After commencing the defamation proceedings, Mr Murray then “doubled down” and filed a motion seeking to restrain HBO and Mr Oliver from making any further attacks against him on the program.
It is fundamental to the concept of free speech protected by the First Amendment that the media has the right under US law to criticise public figures and speak candidly and fearlessly on matters of public concern. As a result, the First Amendment places very strict limits on the application of defamation law in the US, and in particular, on the type of speech which can be the subject of defamation actions in that country.
It seems that Mr Murray’s case is doomed to fail. The material in the broadcast that he objected to was clearly not defamatory under US law – it consisted of satire regarding a public figure on a matter of public concern. Indeed, as the American Civil Liberties Union of West Virginia has said:
“Mr Murray’s request for a prior restraint that is a content-based restriction on a matter of public concern related to a public figure … really hits the protected speech jackpot!”
Indeed, so lacking in substance (both in fact and at law) does Mr Murray’s case appear to be that the Defendants have asked the Court to issue an order to show cause why the case should not be dismissed forthwith and for Mr Murray to be sanctioned for abuse of the US legal system. If I was a betting man, I would be putting a small wager on the Defendants succeeding with such an application, as the odds are very much stacked against Mr Murray.
This case got me thinking how a similar case would fare under Australian defamation law.
Freedom of speech is not enshrined in our Constitution. Unfortunately, there are several examples where rich and powerful individuals have used the legal system to attack media organisations and others for their coverage of a particular issue.
What would the outcome be if an identical situation to the Murray case occurred in Australia?
Firstly, there is no doubt that the broadcast would be defamatory under Australia defamation law. It is relatively easy for a plaintiff to prove that a broadcast or other publication contains “defamatory matter”. All he or she needs to show is that the material would cause right-thinking members of the community to think less of him or her.

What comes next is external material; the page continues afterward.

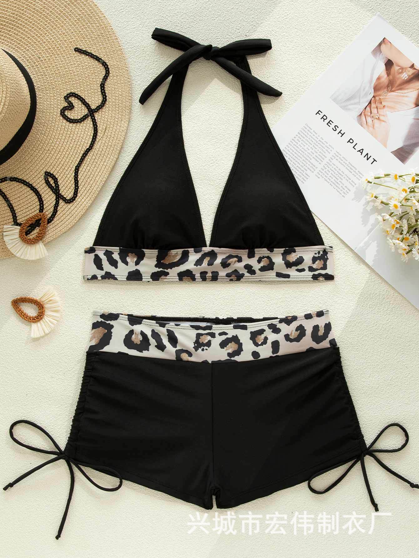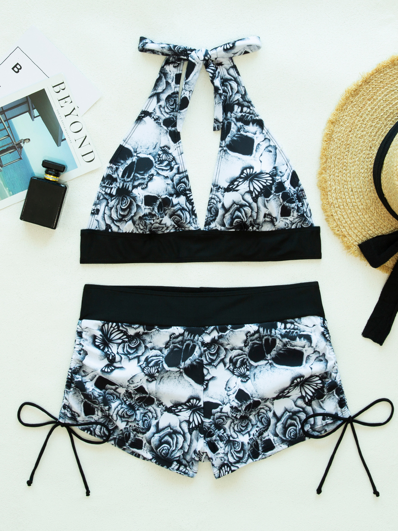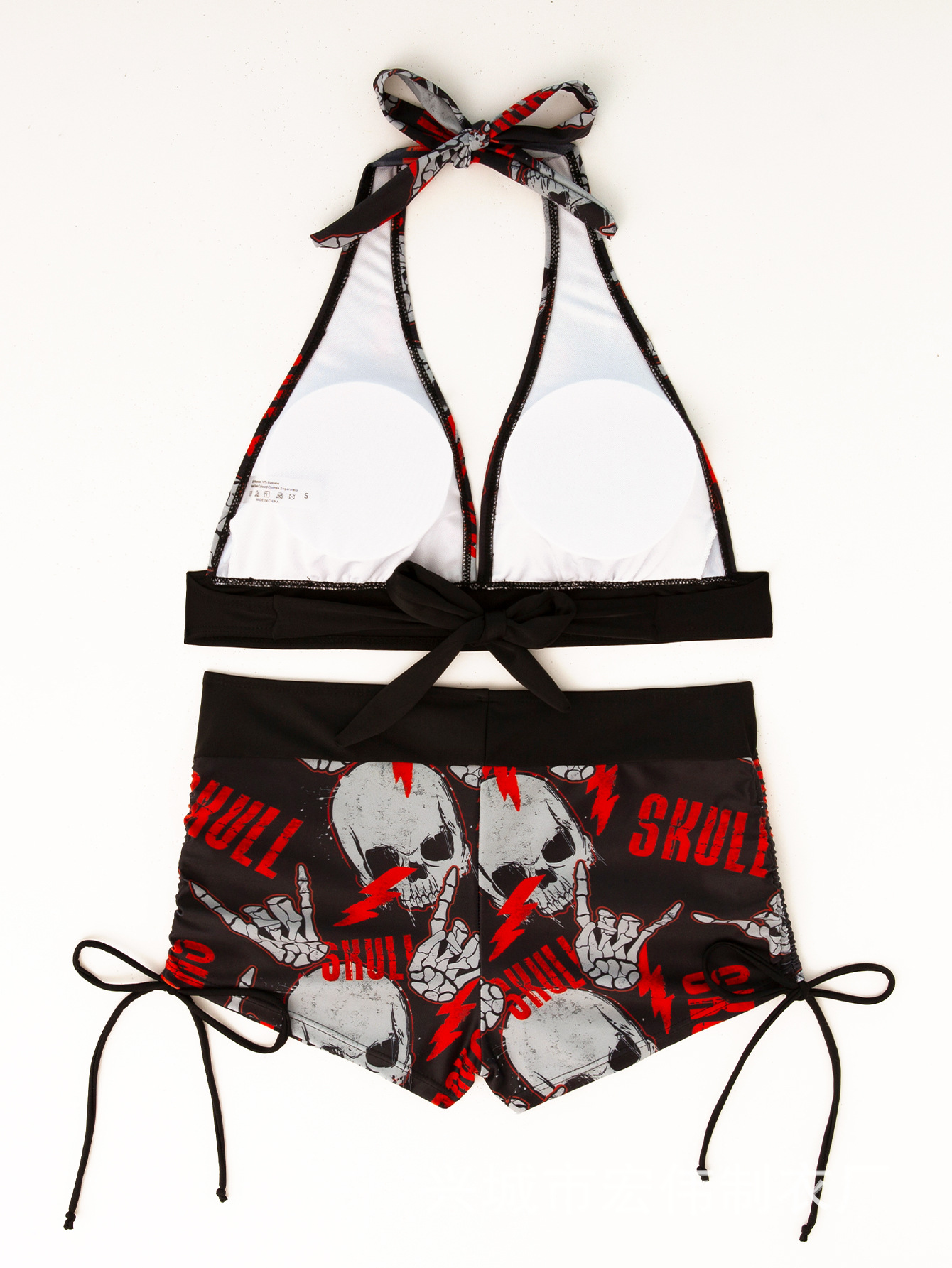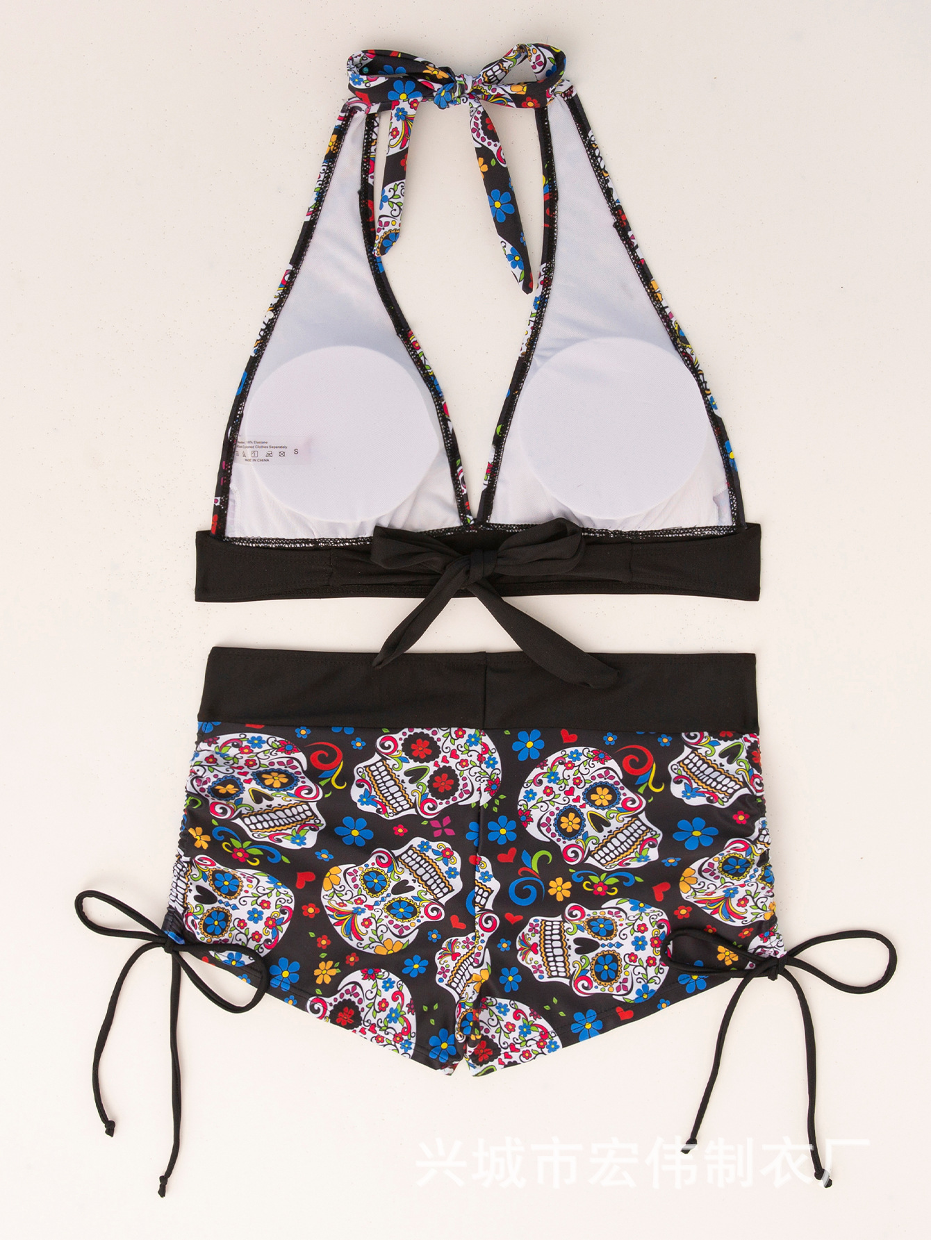 2025 새로운 유럽 및 미국 스타일 목 상자 수영복 비키니 보수적 인 두개골 인쇄 수영복 아마존스토어 가기

Secondly, there would in my view, be no prospect of the defendant successfully obtaining the summary dismissal of the action. Not only is there no free speech protection enshrined in our Constitution, Australian defamation law does not recognise the concept of a “public figure”. As a result, satire regarding a public figure on a matter of public interest or concern can be the subject of a defamation action in Australia.
Thirdly, although Australian defamation law provides numerous defences (including defences of qualified privilege, fair comment and for the communication of political matters), the availability of these defences is only determined after a detailed examination by the Court of all the relevant facts and circumstances of the case. Moreover, these defences can be defeated if it is shown that the defendant acted with malice when publishing the defamatory material.

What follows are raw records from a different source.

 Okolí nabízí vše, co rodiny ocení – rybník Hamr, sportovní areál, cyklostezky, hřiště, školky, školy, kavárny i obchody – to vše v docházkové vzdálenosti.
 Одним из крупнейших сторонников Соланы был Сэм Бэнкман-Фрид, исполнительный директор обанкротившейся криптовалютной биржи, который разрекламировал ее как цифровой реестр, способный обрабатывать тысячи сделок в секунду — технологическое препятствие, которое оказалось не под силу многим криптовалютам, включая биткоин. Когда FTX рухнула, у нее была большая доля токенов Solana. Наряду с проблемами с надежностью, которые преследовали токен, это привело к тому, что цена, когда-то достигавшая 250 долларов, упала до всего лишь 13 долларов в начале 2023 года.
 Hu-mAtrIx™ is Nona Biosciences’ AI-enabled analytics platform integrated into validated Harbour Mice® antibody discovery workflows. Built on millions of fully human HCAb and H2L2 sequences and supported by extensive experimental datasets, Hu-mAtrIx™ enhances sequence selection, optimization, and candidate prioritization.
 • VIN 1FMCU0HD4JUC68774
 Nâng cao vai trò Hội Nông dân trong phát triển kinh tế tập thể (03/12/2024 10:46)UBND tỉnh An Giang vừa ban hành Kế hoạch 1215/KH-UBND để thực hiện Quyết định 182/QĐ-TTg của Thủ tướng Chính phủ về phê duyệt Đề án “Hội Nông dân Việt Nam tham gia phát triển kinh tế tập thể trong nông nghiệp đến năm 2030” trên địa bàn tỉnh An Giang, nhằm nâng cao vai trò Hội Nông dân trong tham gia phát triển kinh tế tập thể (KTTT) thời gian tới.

In other words, the defendant in an identical case tried under Australian defamation law would not be able to have the plaintiff’s case summarily dismissed (as would occur in the United States). Instead, the Australian defendant would have to incur the significant legal costs associated with preparing and running a defence all the way to trial with no certainty that the defence or defences they wished to run would succeed.

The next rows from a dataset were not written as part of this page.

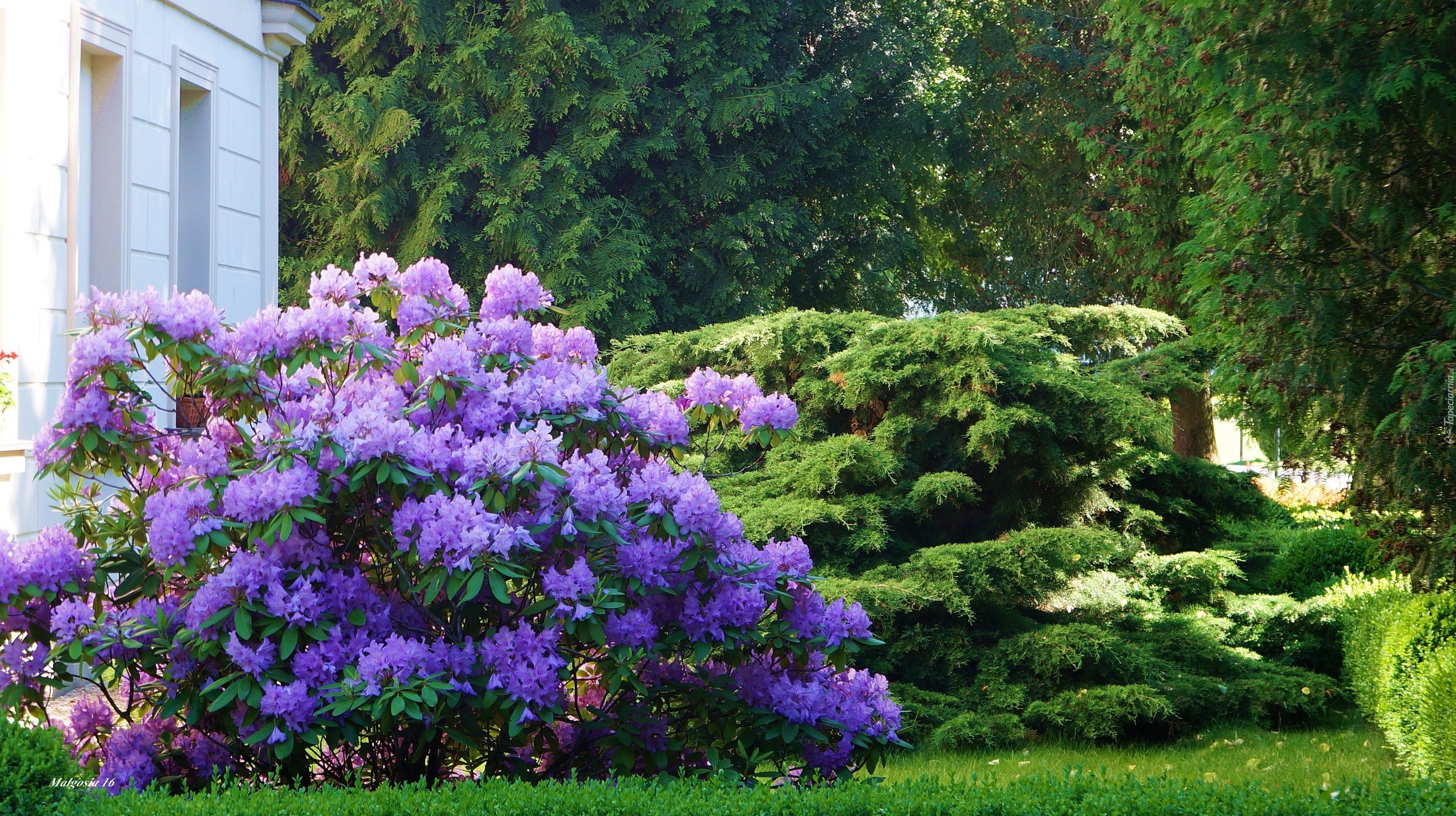 Edytor tapety: Ogród, Krzewy, Rododendron, Kwiaty, Zieleń
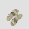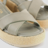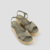 Square toe sandal made in metallic leather. Leather crossover straps and an ankle strap that can be adjusted with the metal buckle. Extra padding in the whole sole for your comfort. 6.5cm high wedge and a 3cm platform covered in natural raffia. Light, non-slip rubber sole. Beautiful and comfortable all day long
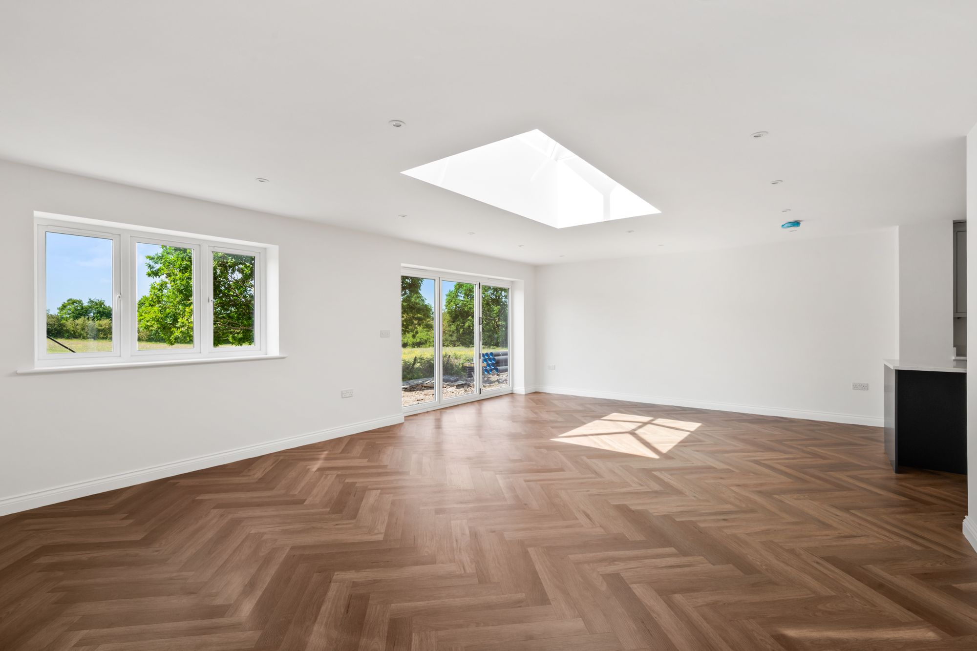 To the rear is the heart of the home with lantern and bifolding doors for plenty of natural light and views over open countryside,  ample space for both dining and comfortable furniture and kitchen comprising a range of wall and base units with central island and topped by granite work surfaces and splashbacks with etched drainer.  Integrated appliances are by Neff and include induction hob, multi oven, oven and grill, refrigerator, freezer and dishwasher.
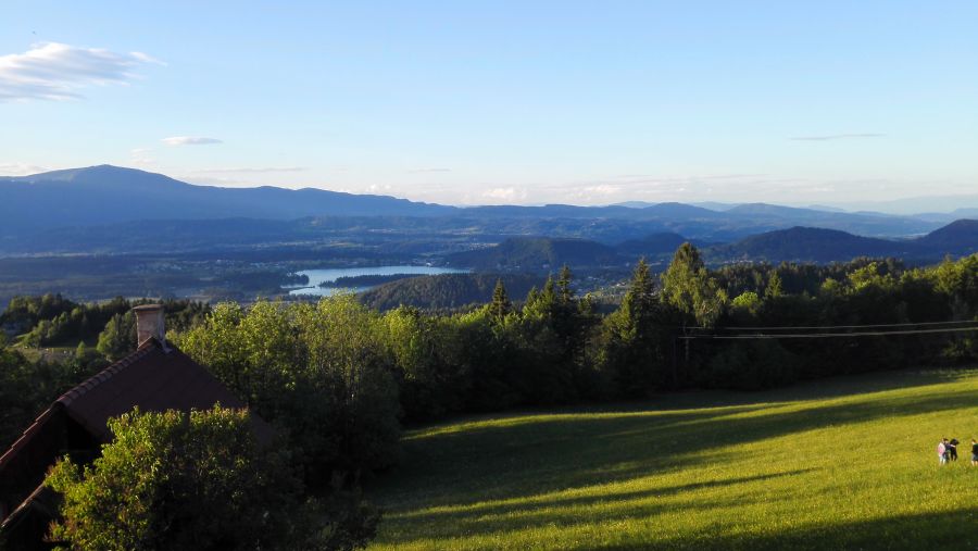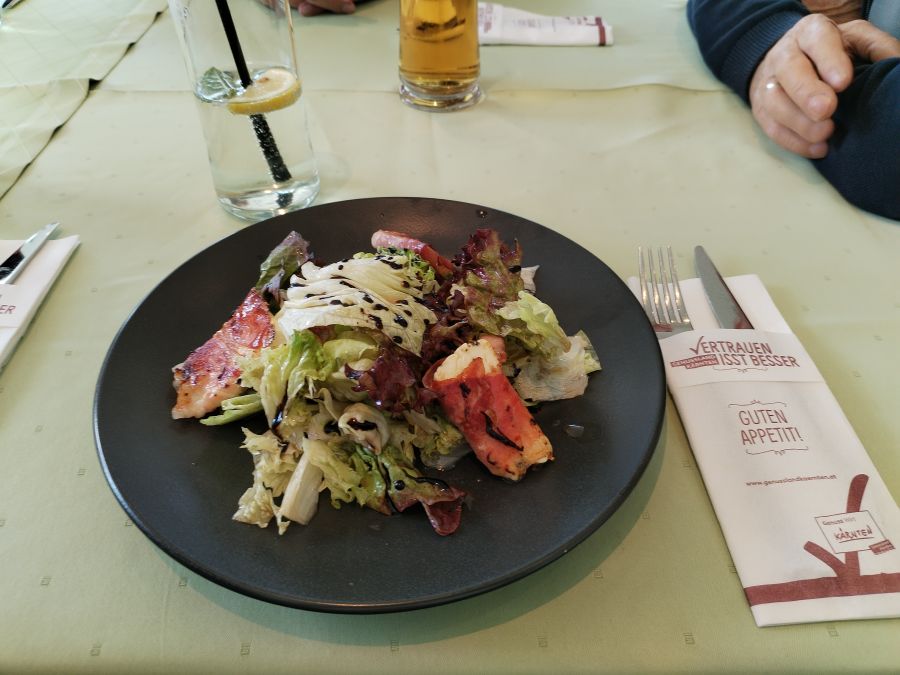 Die meisten der verbliebenen Teilnehmer trafen sich an diesem Tag zum Abendessen im Gasthaus "Bienenhütte" in Drobollach wieder. Dieses sympathische und, gemessen am örtlichen Niveau, eher preiswerte Restaurant ist auf Grillspezialitäten vom Balkan spezialisiert. Der Wettergott war uns gnädig und hatte seine Schleusen verschlossen, deshalb machte es nichts aus, dort an der frischen Luft, aber immerhin überdacht, zu sitzen. Dabei konnten wir unsere Blicke über den Faaker See und Richtung Mittagskogel schweifen lassen.

While well-resourced media organisations are willing and able to bear these costs (and the risks involved) in going to trial, not all defamation defendants are in that position. Will a well-resourced plaintiff be able to use Australian defamation law as a vehicle to chill free speech and silence people from making statements he or she disagrees with? Do we need to take another look at whether the Australian legal system properly protects free speech?